SGM-101 in Colorectal Brain Metastases.

Status:
Not yet recruiting
Trial end date:
2022-12-01
Target enrollment:
0
Participant gender:
All
Summary
This study assesses the feasibility of SGM-101, a fluorochrome-labeled anti-carcinoembryonic antigen monoclonal antibody, for intraoperative near-infrared fluorescence imaging of colorectal brain metastases by injecting SGM-101 intravenously 3 - 5 days prior to surgery.
Phase:
Phase 2
Accepts Healthy Volunteers?
No
Details
Lead Sponsor:
Leiden University Medical Center
Collaborators:
Medical Center Haaglanden
Surgimab
Criteria
Inclusion Criteria:

1. Signed informed consent prior to any study-mandated procedure;

2. Patients aged over 18 years old;

3. All women of child bearing potential and all males must practice effective
contraception during the study and be willing and able to continue contraception for
at least 30 days after their last dose of study treatment.

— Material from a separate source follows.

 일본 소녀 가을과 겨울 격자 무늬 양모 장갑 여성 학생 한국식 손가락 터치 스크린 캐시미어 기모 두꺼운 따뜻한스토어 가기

4. Has the ability to communicate well with the Investigator in the Dutch language and
willing to comply with the study restrictions.

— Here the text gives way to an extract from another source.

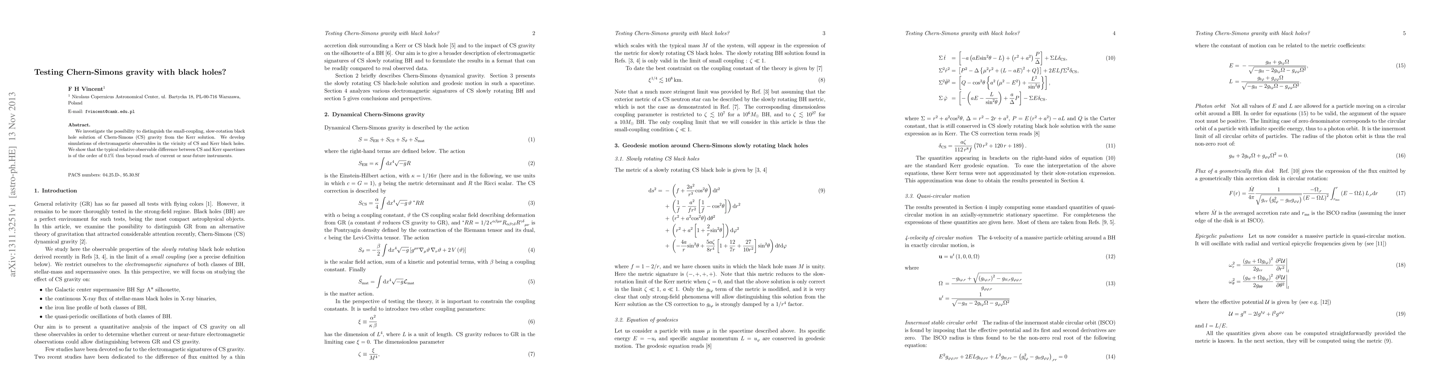 We investigate the possibility to distinguish the small-coupling, slow-rotation black hole solution of Chern-Simons (CS) gravity from the Kerr solution. We develop simulations of electromagnetic observables in the vicinity of CS and Kerr black holes. We show that the typical relative observable difference between CS and Kerr spacetimes is of the order of 0.1% thus beyond reach of current or near-future instruments.
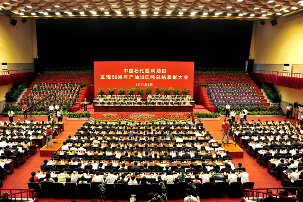 6月10日上午,中國石化勝利油田發現50周年 產油十億噸總結表彰大會在東營勝利油田體育館隆重舉行。

5. Diagnosed with brain metastasis of colorectal origin and scheduled for a resection.

Exclusion Criteria:

1. History of any anaphylactic reaction;

2. Previous use of SGM-101;

3. Other malignancies either currently active or diagnosed in the last 5 years, except
adequately treated in situ carcinoma of the cervix and basal or squamous cell skin
carcinoma;

4. Laboratory abnormalities defined as:

1. Aspartate AminoTransferase, Alanine AminoTransferase, Gamma Glutamyl Transferase)
or Alkaline Phosphatase levels above 5 times the or;

2. Total bilirubin above 2 times the ULN or;

3. Serum creatinine above 1.5 times the ULN or;

4. Platelet count below 100 x 109/L or;

5. Hemoglobin below 4 mmol/L (females) or below 5 mmol/l (males);

6. Known positive test for human immunodeficiency virus (HIV), hepatitis B surface
antigen (HBsAG) or hepatitis C virus (HCV) antibody or patients with untreated
serious infections;

5. Patients pregnant or breastfeeding;

6. Any condition that the investigator considers to be potentially jeopardizing the
patient's well-being or the study objectives.